Just a Thought
Awareness project failed in its objective
Emily Paulsen - Columnist
November 06, 2003
George Bush is not Adolf Hitler, meat eaters are not Nazis and aborted fetuses are not Holocaust victims. Nevertheless, activists across the political spectrum bring Third Reich rhetoric and symbolism into completely unrelated debates to evoke emotion and prove the gravity of their causes.
Last week, a group of students on campus resorted to this Holocaust-comparison activism when they presented a pro-life display that they cleverly referred to as the “Genocide Awareness Project.” By juxtaposing images of aborted fetuses with those of victims of Nazi victims, the display managed to reduce both abortion and the Holocaust to mere symbols, providing no context for understanding the complex issues involved in either.
Pro-lifers have referred repeatedly to the “abortion Holocaust,” but they are not the only advocates to evoke Nazi tyranny in an effort to justify a cause. Animal rights organizations such as People for the Ethical Treatment of Animals (PETA) have often compared animal slaughter houses to the Nazi concentration camps. PETA even launched a “Holocaust on Your Plate” awareness campaign.
At the start of the recent U.S. invasion of Iraq, a handful of war dissenters carelessly tossed around analogies that compared George Bush to Adolf Hitler. Interestingly, at the same time, television networks aired specials that examined Hitler’s rise to power. Ads for these programs, which ran conveniently during coverage of the war, suggested that the path to Hitler’s power was paved by nations hesitant to take early military action against the dangerous dictator. I suppose it was inevitable that someone would compare Saddam to Hitler.

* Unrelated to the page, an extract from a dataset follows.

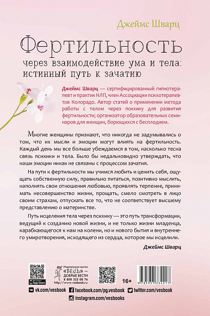 Джеймс Шварц большую часть жизни посвятил изучению проблемы бесплодия неясного генеза, он помог многим женщинам вернуть способность к зачатию. В этой книге он делится результатами своих научных исследований в области фертильности, опытом работы в качестве психо- и гипнотерапевта и предлагает практические упражнения для избавления от эмоциональных и ментальных проблем, блокирующих наступление беременности. Автор даёт надежду, что диагноз бесплодие — это не приговор, а лишь временная остановка на пути женщины к желанному материнству. Мы надеемся, что женщины и семьи, мечтающие о ребёнке, обретут долгожданное счастье.

All these Nazi analogies are undoubtedly problematic. They allow our already weak sense of historical understanding to disintegrate further until the Holocaust is reduced to a simple icon of evil. Furthermore, they muddle our collective ability to grapple with the complexities of current issues. Activists, in shoddy attempts at conveying the gravity of their causes, appropriate and exploit this historical imagery, thereby reducing the horrible and complex atrocities of events like the Holocaust to mere symbolism.
Interestingly, the “Genocide Awareness Project” advocates threw a few additional historical images into their display. Furthering the emotionality of their cause, they compared aborted fetuses to Ku Klux Klan victims and Planned Parenthood to al-Qaida. Like the Holocaust analogies, these comparisons effectively reduced complex historical events to symbols, manipulating them into support for an anti-abortion effort.
While these ridiculous analogies were effective in creating a stir, they weren’t exactly successful in sparking thoughtful discussion about abortion and reproductive rights. In fact, more people seem to be discussing the group’s approach and their free speech rights than their pro-life ideology.
Perhaps, though, thoughtful discussion wasn’t really the objective. Like the other advocates trying to push their opinions, the Students for Life resorted to Nazi imagery for its shock value. They did manage to raise eyebrows, but they failed to raise awareness of the complex issues involved in both abortion and the Holocaust.